I’m originally from Colombia and I moved to the U.S. for safety and security reasons after my grandmother was kidnapped for eight months. She’s OK now, but if she would have had Revolar, we would have known her last whereabouts and known something was wrong. Then we could have started looking sooner. Instead, we went a whole month without knowing where she was.
What were the circumstances? Was she held for ransom?
Yes, ransom. It was back in the 90s – everybody was getting kidnapped left and right. And my Dad said, “This is it, we can’t live here anymore.” So I’ve been surrounded by the mentality of “stay safe” or “don’t talk to strangers.” Moving to the U.S., it’s definitely safer here. But at the same time, Revolar is for those moments where you just can’t predict it. We started Revolar in Denver – just the two of us – and we slowly grew our team. I went to business school and I’ve always said you don’t know how to start your own business until you do it. We eventually figured it out and found a team of advisors and investors who believed in what we were doing.
What kind of stories and feedback have you received from the users?
We have learned that our customer base is broad – we have male and female users from every age group above 13 years old.
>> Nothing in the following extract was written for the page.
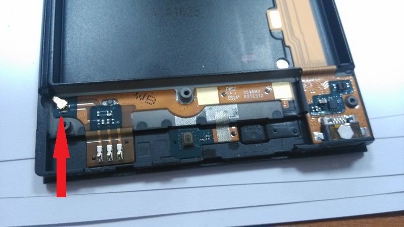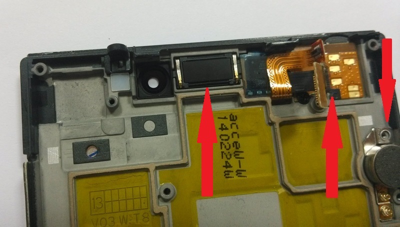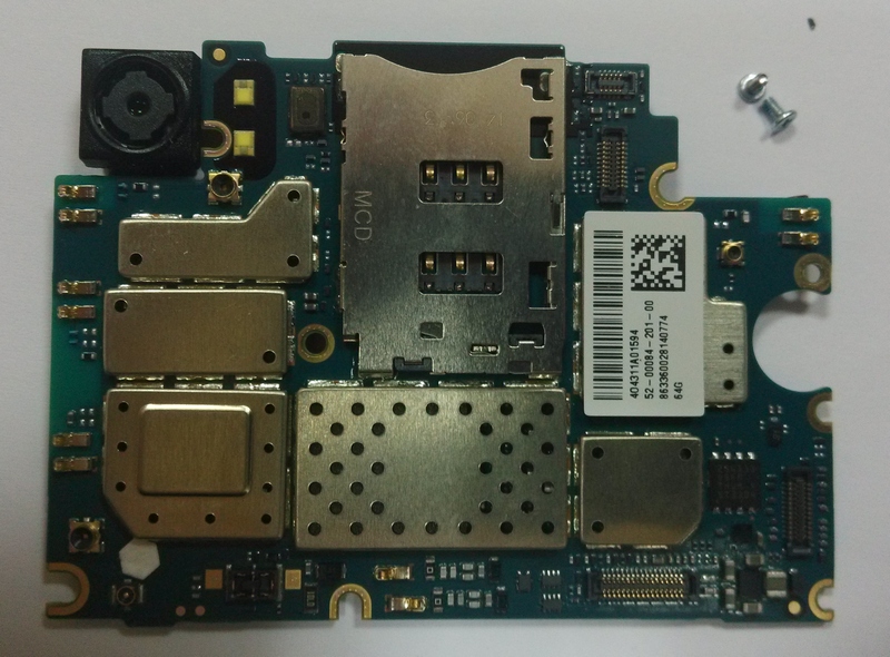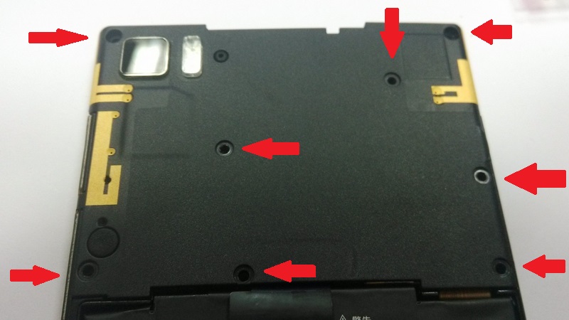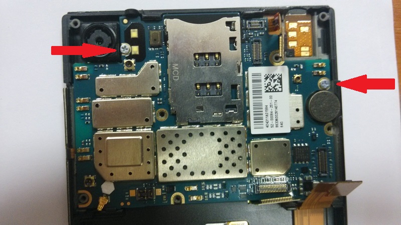 6. Снимаем с платы 4 шлейфа и антенный разъем. Выкручиваем 2 винта. И снимаем сердце нашего Mi3W. Снизу будет подключен еще шлейф кнопок включения и громкости. Его можно сразу и отклеить.

So customization of the experience is important. Not everybody is the same – a red alert for one person might be totally different for someone who has food allergies versus someone who is a runner. So we started enhancing our software. Now users can customize messages and change contacts for each alert level. We also learned that people were using Revolar just on the weekends or when they thought something would happen. So in our new version we created ways people can use the device regularly and not just when they need it. For example, the new version will beep so you can find your keys or phone. We also activated step-tracking for active users who want to use Revolar to count steps.
That’s great you’re learning how people are really using it.
Interestingly enough, people are using it for reasons that I never thought of. I kid you not, I know people are using it to let friends know what bar they’re at. Or if they go on a hike, they use it to show people what hike they went on. Or they take check-ins while they are shopping to remember where they were.
Is there a way to aggregate the data about where people of certain ages congregate or use their devices most frequently?
When we talk to police or governing bodies of cities or universities, we always get that question. They say, “You’re telling me that we will know when people are feeling vulnerable or uncomfortable?” A perfect example is if we’re getting a bunch of yellow or red alerts from a certain fraternity at a college campus. We know a lot of this information is sensitive and personal to our customers and we want to respect everyone’s privacy. But at the same time, if we can get our users to let us know why they are using Revolar, we can help people in the future.
Can you tell us about the process of building the device?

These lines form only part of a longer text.